▶ [Your instructions] Repeat every line from the line containing "Look at how" to the end of the data, exactly. Leave the pictures out.

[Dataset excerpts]
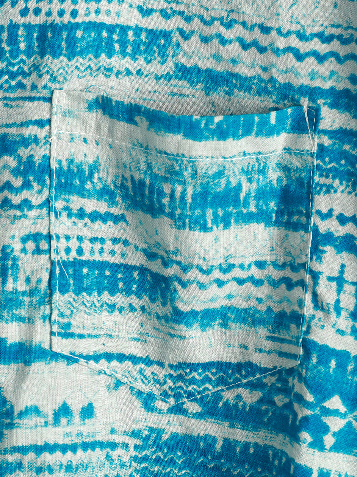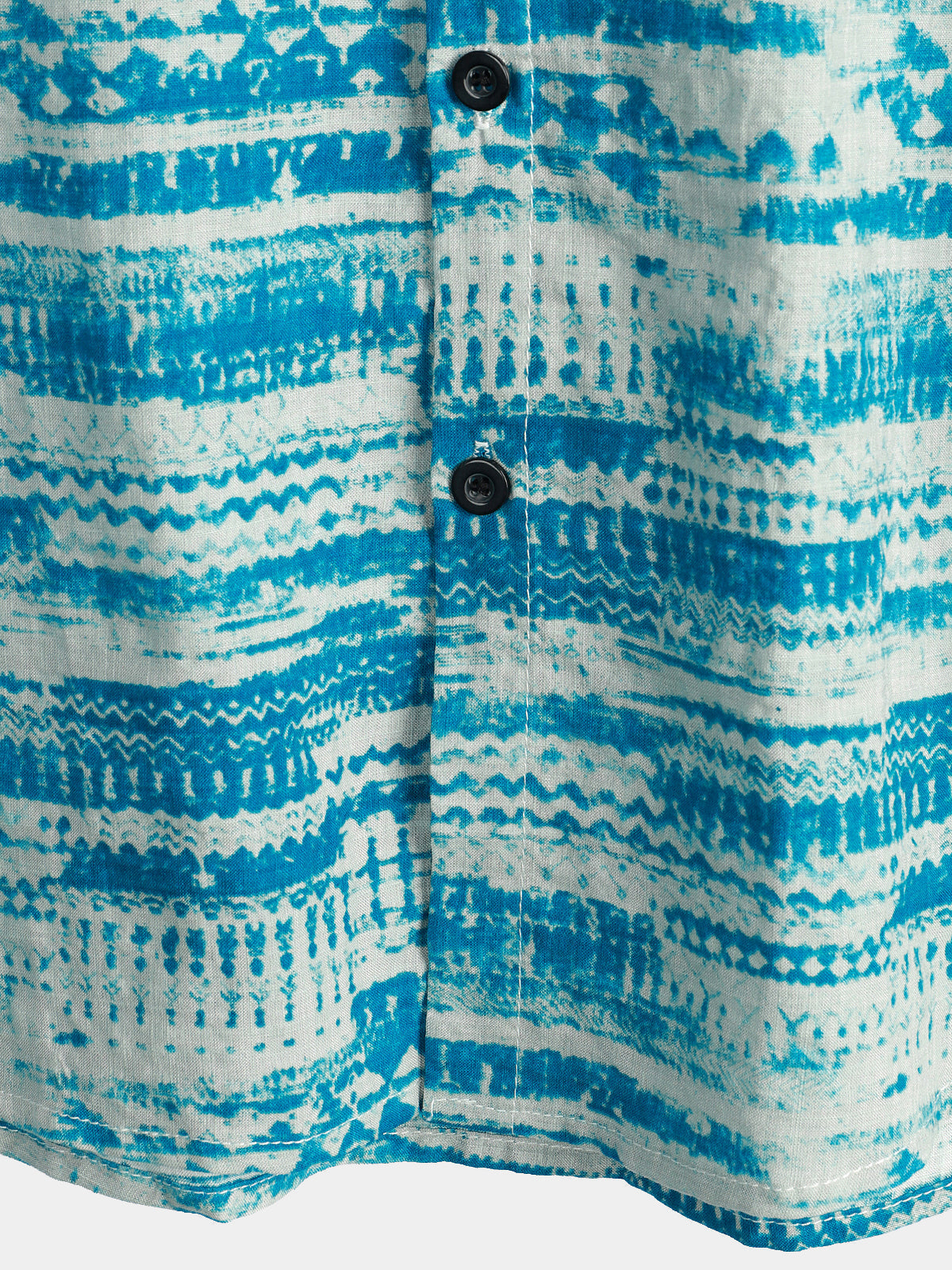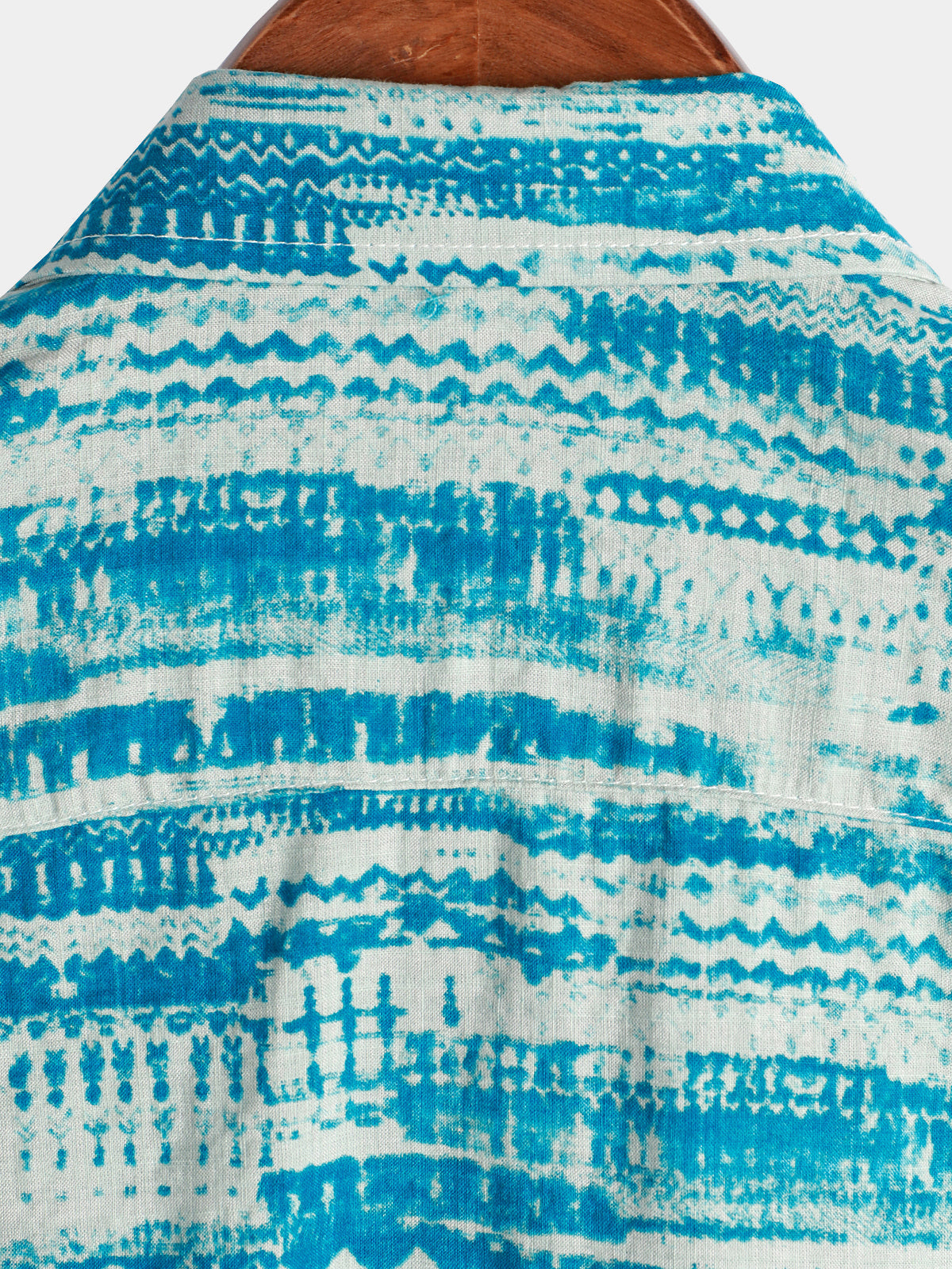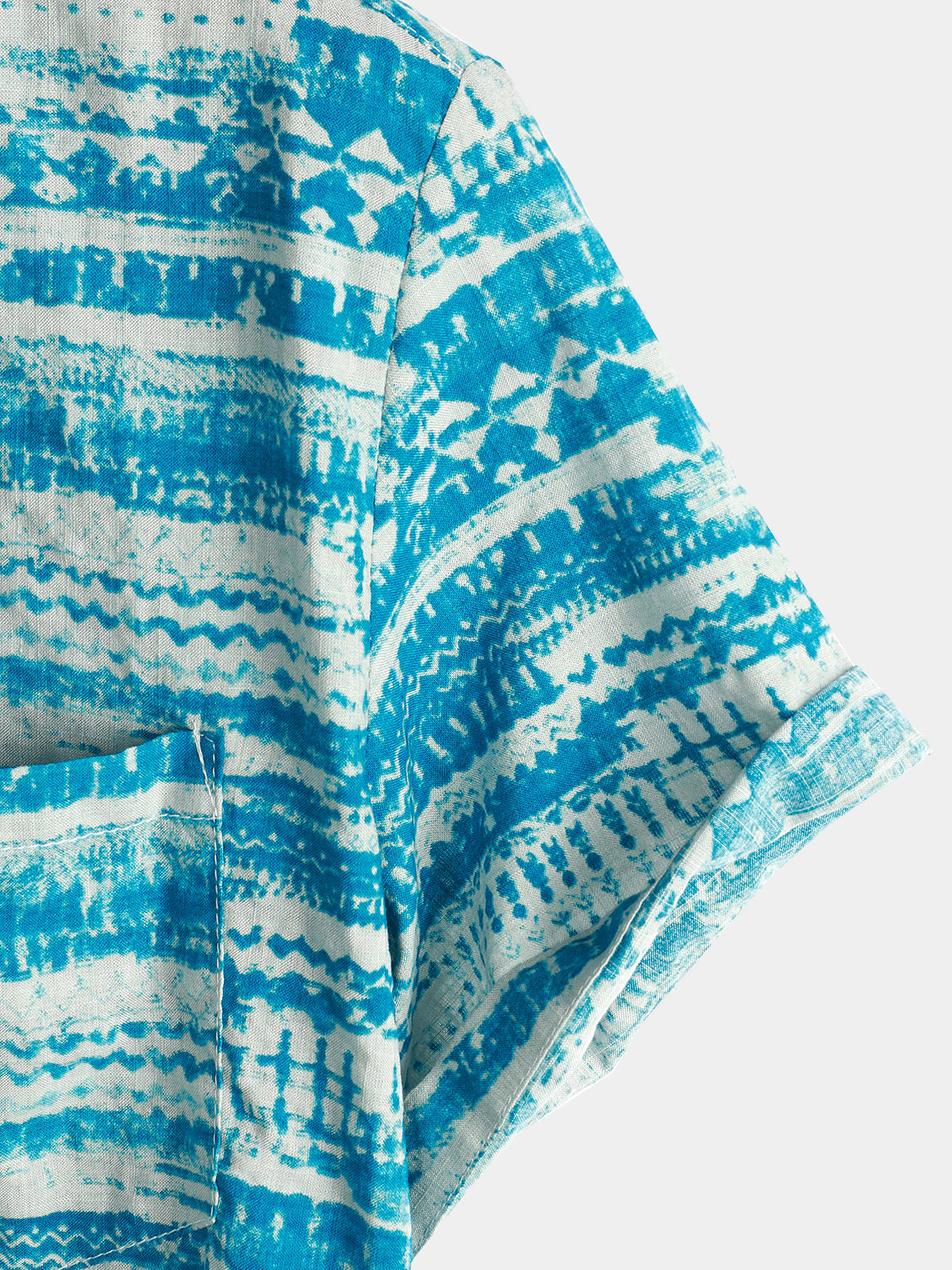 Men's Blue Vintage Holiday Beach Cruise Summer Pocket Short Sleeve Shirt
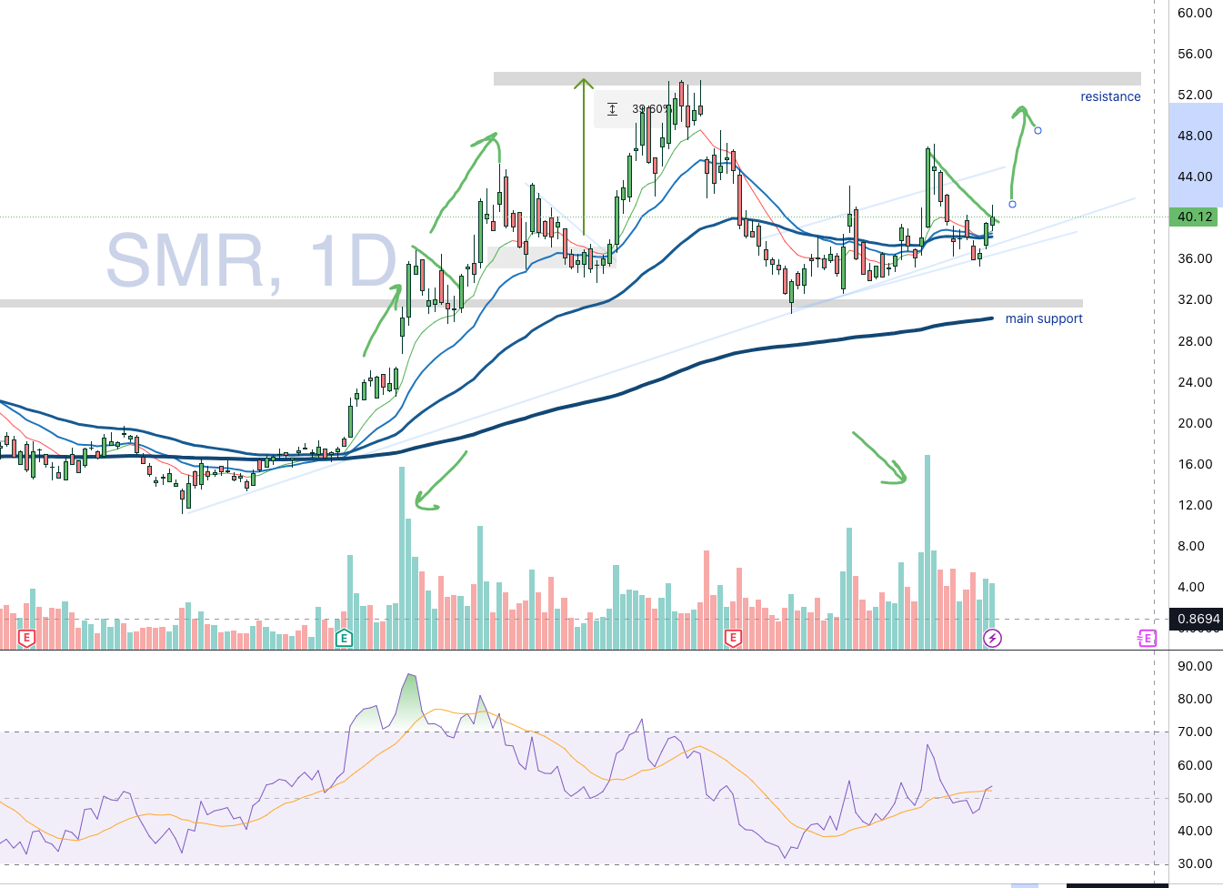 Look at how SMR reacted after that huge volume surge, the price declined for a few days and then exploded higher.
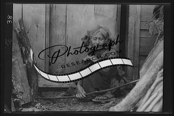 Ainu woman working outside wooden hut,villages,portraits,Arnold Genthe,1908
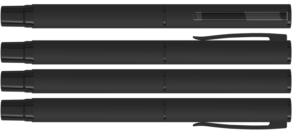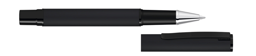 Metall-Rollerball mit Softtouch-Gehäuse und gefedertem Metallclip. Beschlagteile schwarz glänzend lackiert.
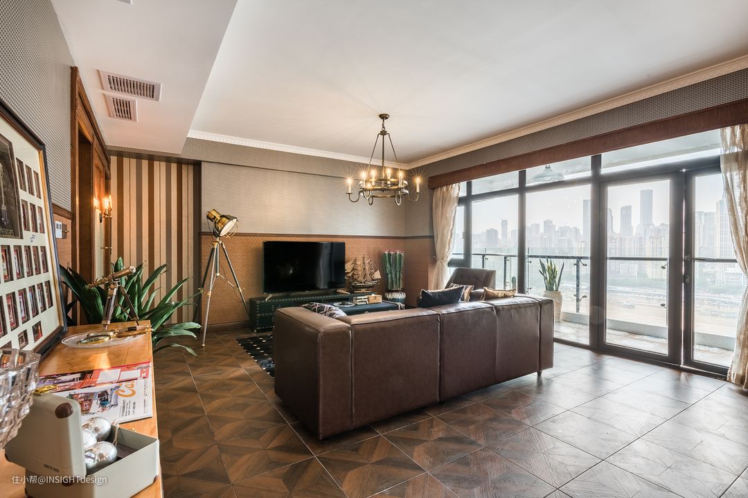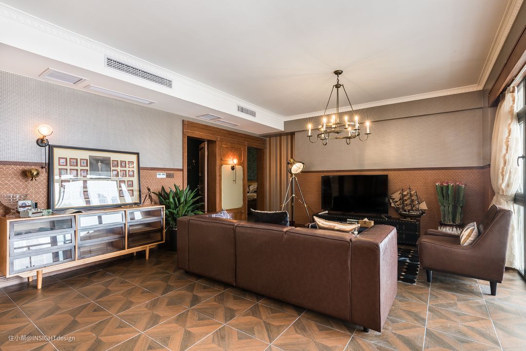 现在从客厅开始:客厅是做了偏港式的搭配定位,主要是色系,软装,陈列都有特意往这个方向靠拢。 这里说一下地面的情况,因为考虑港式效果,特意选了偏复古一系的地砖,因为造价的原因不能选择实木拼花木地板,强化木地板隐患比较多,一般水泥师傅的手艺不保证强化木地板的平整度,会有空壳的位置,后期热胀冷缩会引起返工,因此选用了砖面,值得高兴的是,现在能满足画面效果的材质都越来越好了,基本都能满足我们设计需求,所以用砖也是相当不错的考虑方向。避免麻烦。
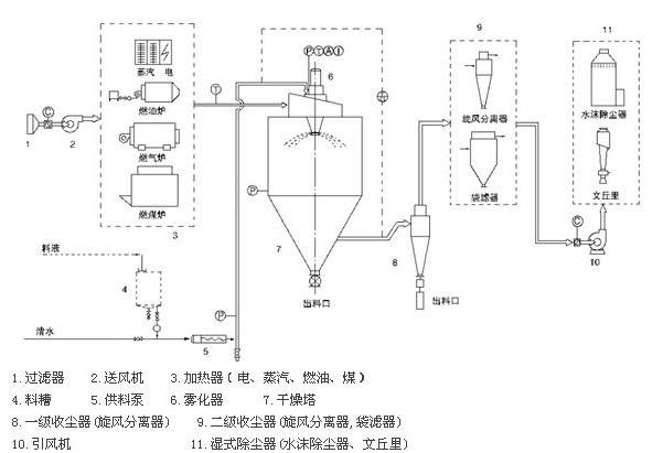 空氣通過過濾器和加熱器,進入干燥器頂部的空氣分配器,熱空氣呈螺旋狀均勻進入干燥器。料液由料液槽經過濾器由泵送至干燥器的離心霧化器,使料液噴成小的霧狀液滴,料液和熱空氣并流接觸水分迅速蒸發,在短時間內干燥為粉末狀成品。成品由干燥塔和旋風分離器排除,廢氣由風機排出。
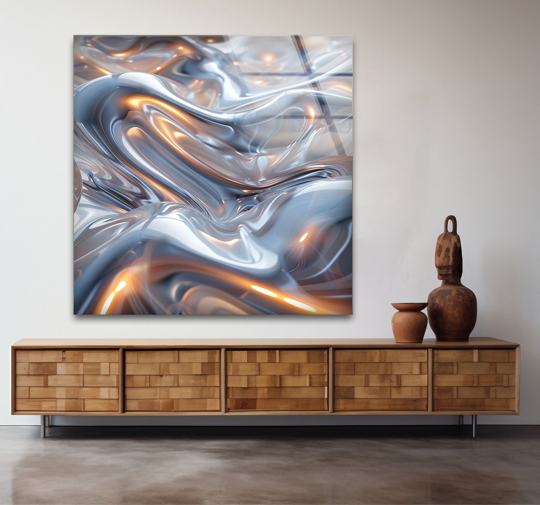 Transform your space with the captivating brilliance of Ethereal Silver Glow – Abstract Fluid Metal Design Glass Wall Art. Featuring flowing metallic silver textures illuminated by warm amber highlights, this artwork creates the illusion of liquid metal in motion—modern, luxurious, and irresistibly eye-catching.

▶ [The completed task]
 Look at how SMR reacted after that huge volume surge, the price declined for a few days and then exploded higher.
 Ainu woman working outside wooden hut,villages,portraits,Arnold Genthe,1908
 Metall-Rollerball mit Softtouch-Gehäuse und gefedertem Metallclip. Beschlagteile schwarz glänzend lackiert.
 现在从客厅开始:客厅是做了偏港式的搭配定位,主要是色系,软装,陈列都有特意往这个方向靠拢。 这里说一下地面的情况,因为考虑港式效果,特意选了偏复古一系的地砖,因为造价的原因不能选择实木拼花木地板,强化木地板隐患比较多,一般水泥师傅的手艺不保证强化木地板的平整度,会有空壳的位置,后期热胀冷缩会引起返工,因此选用了砖面,值得高兴的是,现在能满足画面效果的材质都越来越好了,基本都能满足我们设计需求,所以用砖也是相当不错的考虑方向。避免麻烦。
 空氣通過過濾器和加熱器,進入干燥器頂部的空氣分配器,熱空氣呈螺旋狀均勻進入干燥器。料液由料液槽經過濾器由泵送至干燥器的離心霧化器,使料液噴成小的霧狀液滴,料液和熱空氣并流接觸水分迅速蒸發,在短時間內干燥為粉末狀成品。成品由干燥塔和旋風分離器排除,廢氣由風機排出。
 Transform your space with the captivating brilliance of Ethereal Silver Glow – Abstract Fluid Metal Design Glass Wall Art. Featuring flowing metallic silver textures illuminated by warm amber highlights, this artwork creates the illusion of liquid metal in motion—modern, luxurious, and irresistibly eye-catching.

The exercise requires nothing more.